Graphene is thought to be one of the strongest materials in two-dimensional form but converting it into useful three-dimensional materials has been hard to translate. Researchers created the 3-D graphene by compressing and fusing flakes of graphene into the sponge-like shape, making it one of the strongest yet lightweight materials on Earth.
MIT researchers analyzed the material’s behavior down to the level of individual atoms within the structure and were able to produce a mathematical framework that closely matches other experiments focused on creating 3-D graphene, but that resulted in a material with less strength than originally expected.
2-D graphene materials are flat sheets that are just one atom in thickness but can be indefinitely large in other dimensions while having exceptional strength and electrical properties. Because of the thinness of the material, they are not useful for making 3-D materials that could be used in vehicles, buildings or devices. MIT was able to realize converting these 2-D materials into three-dimensional structures.
How They Did It
The MIT researchers were able to compress small flakes of graphene using a combination of heat and pressure. This produced a strong, stable structure resembling corals and microscopic creatures called diatoms. These shapes were proven to be remarkably strong and through simulations and compression tests through a tensile loading machine, the 3-D graphene material was proven to have 5% the density of steel but 10 times the strength.

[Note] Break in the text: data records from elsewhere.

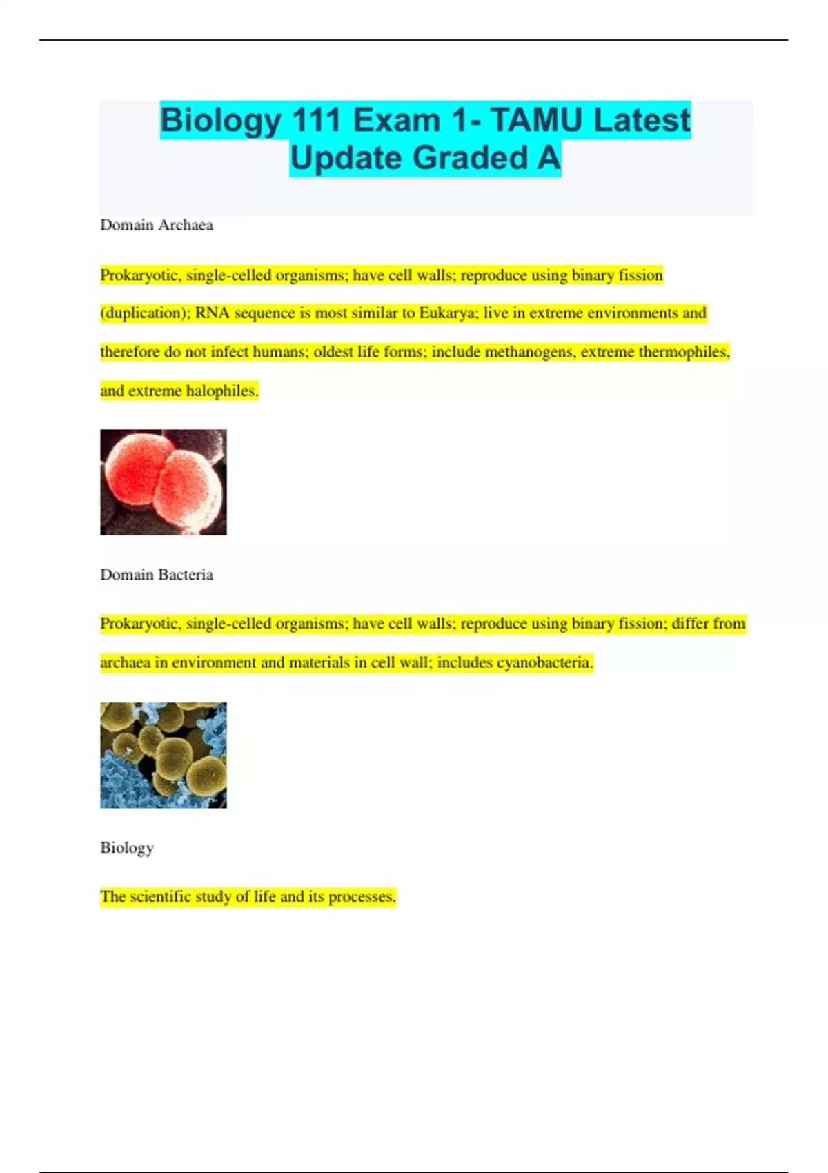 Biology 111 Exam 1- TAMU Latest Update Graded A
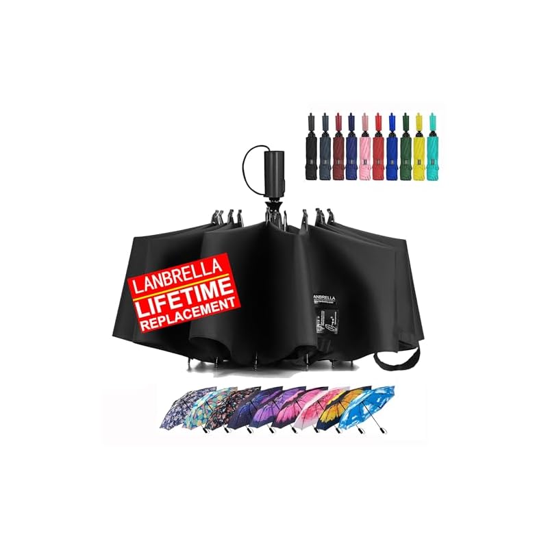 LANBRELLA Paraguas plegable inverso compacto paraguas de viaje a prueba de viento automático
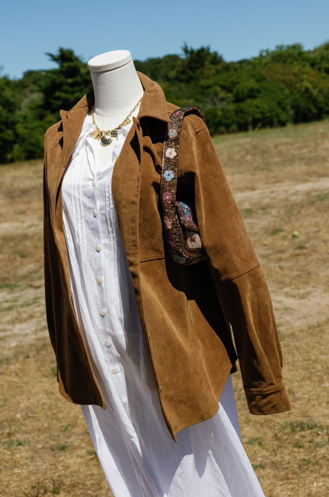 The Dean Jacket is polished enough to double as outerwear, soft enough for everyday layering, and timeless enough to stay in your closet for seasons to come. Wear it buttoned as a top, open as a jacket, or layered over just about anything.
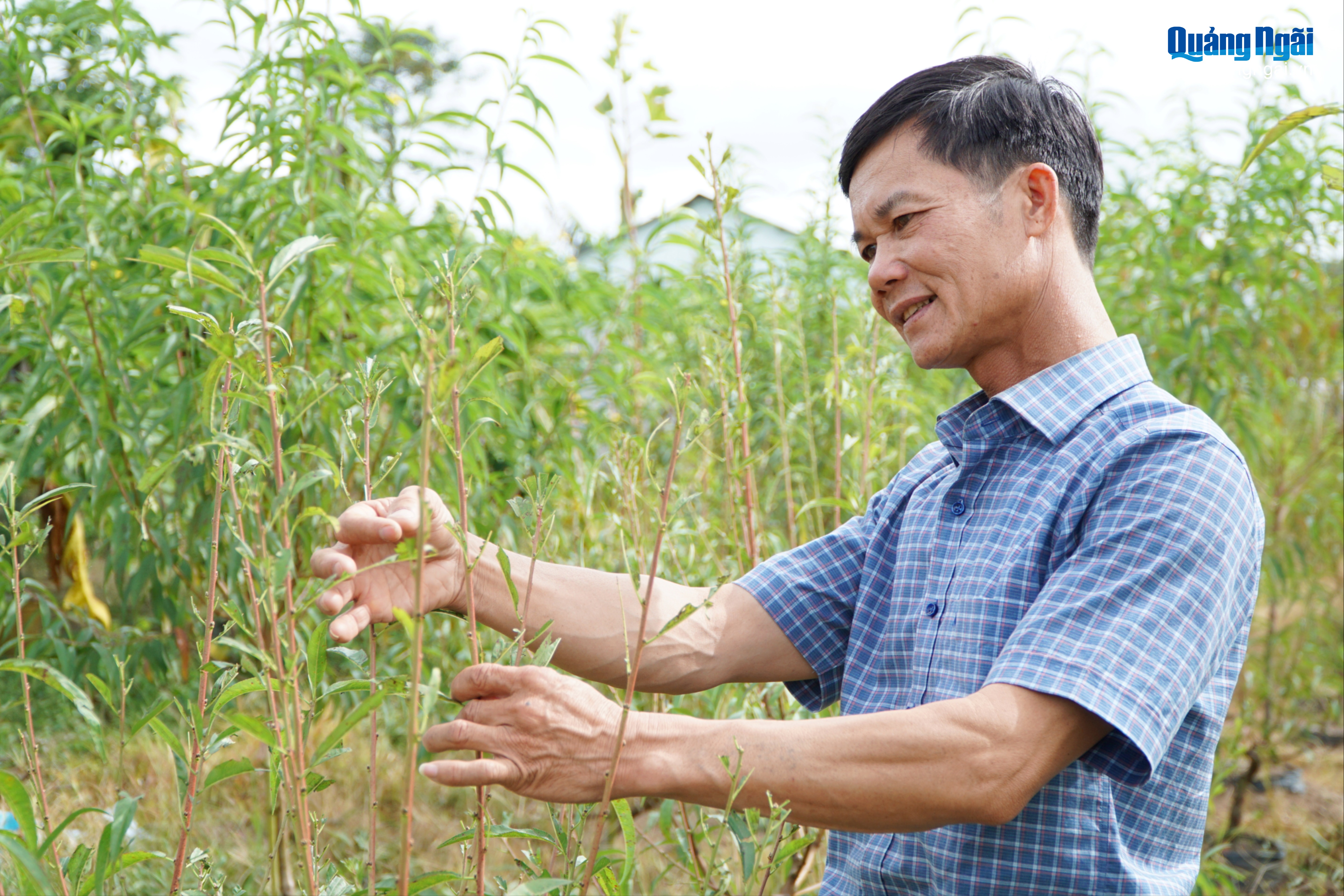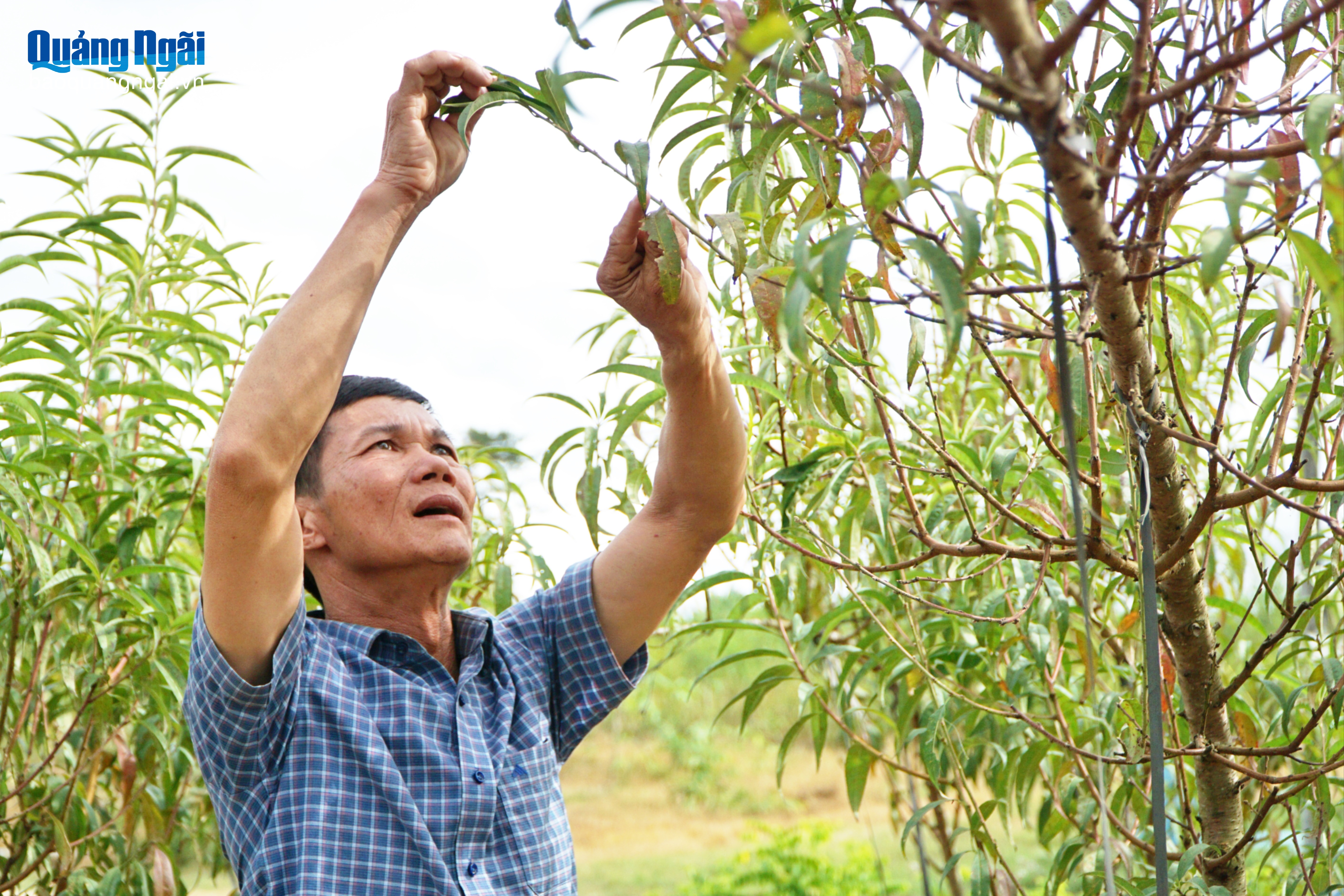 Ở thôn 1, xã Đăk Mar, ông Vũ Quang Thành đang gấp rút tuốt lá, tỉa cành cho vườn đào của mình. Gắn bó với hoa đào hơn 20 năm, ông Thành thuộc đặc tính của loài hoa này như chính bản thân mình.

Researchers equate the 3-D graphene material to sheets of paper. Paper has little strength along its length and width and can be easily crumpled. But when made into certain shapes, such as rolled into a tube, the strength along the length is much greater and can support substantial weight. The geometric arrangement of the graphene flakes after treatment naturally forms a very strong configuration, researchers say.
MIT researchers used a high resolution, multimaterial 3-D printer to create the new configurations of the 3-D graphene and then tested for their tensile and compressive properties. Based on these tests, MIT says they have ruled out other proposed ideas that 3-D graphene structures could be lighter than air or be used as a replacement for helium in balloons because the material would collapse from the surrounding air pressure.
However, the unusual geometric shapes that graphene naturally forms under heat and pressure could be enlarged to thousands of times their natural size, making it available for large-scale structural buildings. MIT researchers give an example of concrete for a structure, such as a bridge being made with this porous geometry, providing comparable strength with a fraction of the weight.
And because the shape is filled with tiny pore spaces, the material might find a home in filtration systems for water or chemical processing, or use in energy storage systems.